Two reputable men go into battle

Posted by Simon Curtis

A man and his reputation are long-forged and not easily separated.

When then-Arsenal manager George Graham told the press, "It's fine that people hate us. It's part of our history," he was referring in part to the fact that Arsenal were derided far and wide for their penchant for the ugly 1-0 win under his guidance. It was not for nothing that the Highbury faithful began to sing the infamous ditto in honour of that most Arsenal-esque of scorelines.

Under the thin-lipped Scot, a man who liked a well-starched blazer and a tightly knotted tie, success came with heavy weights attached to it. Arsenal were tough, a little too tough, and robust, a little too robust. They tackled like tanks and ran around like a plague of locusts bothering the opposition into mistakes. It was all highly effective and predictably unattractive, but at least you did not need a degree in applied mathematics to fathom out the winning scoreline.

- Report: Hamann: Pellegrini blunder scandalous

These days, Arsenal have undergone something of a makeover. During Arsene Wenger's long and perfumed reign, the side has turned its reputation for dour, strenuously gauged low-scoring wins to delightful tippy-tappy football the likes of which London viewers had seldom seen before. That in recent years it has often gone nowhere in particular while weaving intricate patterns across the greensward has often been considered immaterial. If tickling the fancy of the purists is the aim of football, then Wenger had found the richest of gold seams under the busy streets of Ilsington.

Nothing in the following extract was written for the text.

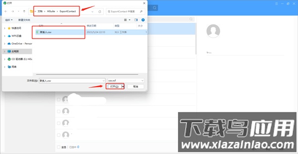 3、随后在电脑目录内找到存储联系人信息的文件,选择并打开该文件,即可将其批量导入至手机助手电脑版中。

Wenger is alone responsible for this. He it was who skipped down the gangplank off the packboat from afar with odd ideas regarding diet and posture. He it was who persuaded Tony Adams & Co. off the lager-and-pie regime and into aerobics and ballet. He it was who enticed the likes of Dennis Bergkamp, Thierry Henry and Igor Stepanovs to strut their funky stuff in front of the giant mural that had replaced the North Bank without any noticeable difference to the atmosphere.

Arsenal have managed to change again, more subtly this time, into a tippy-tappy team with an end product and becoming well ensconced as the darlings of the press. Witness this week's Champions League games, where, having lost somewhat limply to a game but limited Napoli, thus forfeiting any chance of an easier task in the knockout rounds, you could encounter words such as "strong" and "brave" to describe the Gunners' frankly droopy and leg-weary showing.

Across the Alps in Bavaria, meanwhile, Manchester City were doing to Bayern Munich what no team has done since Kickers Offenbach in 1975 (beat them on home turf after trailing 2-0) and all anyone could find to talk about was the manager's hopeless math. For City fans, still emerging from the ragged and sooty edges of cloud nine, it was an edifying and, one must say, sobering sight.

For City, it sometimes seems the giant wealth that backs them has brought with it a veritable army of ne'er-do-wells whose only aim in life is to perch on the overhead cables and wait for the Sky Blues to mess themselves. Anything positive comes as a result of the riches they are backed with; anything negative is a gross squandering of their silver-spoon position in the football order of merit. They are truly damned if they do and damned if they don't. They are the crass Northern upstarts, with no history and no class, the boss-eyed neanderthals with pimples and halitosis.

As we know, things often come full circle in football. Arsenal's modern reputation, as clean as a freshly laundered bed sheet, is in stark contrast to some of the grubbier goings-on under Graham in the '80s and '90s. This was not only a period of scruffy, ill-tempered gains but also of backhanders for the likes of Norwegian defender Pal Lydersen (what was the point of that, you might ask) and ill-defined tactics that left opponents feeling steamrolled and bent out of shape. There was nothing pretty about Andy Linighan, Ian Selley, Perry Groves, Gus Caesar and the cast of a thousand and one pirates and hod carriers who did their duty in that woolly, ill-focused era that came to be known as pre-Wenger.

Today's Arsenal, sleek and wondrous on the eye, will appear in Manchester this weekend with two things on their mind: First, they must face a Manchester City side that is turning itself into the most obvious of the Gunners' rivals for the title. Second, they must await a Champions League draw that offers exactly the same possible opponents as the Blues (if you swap Dortmund with Bayern). While Manuel Pellegrini emerges from a week where every man and his dog has had a quick word to say about his subzero-level math skills, the erudite Frenchman has miraculously escaped criticism for throwing away Arsenal's chance to face Zenit or Olympiakos next instead of the game's proud princes.

We must not wait long to see what this weekend's confrontation does to enhance or diminish the reputations of Monsieur Wenger and Senor Pellegrini.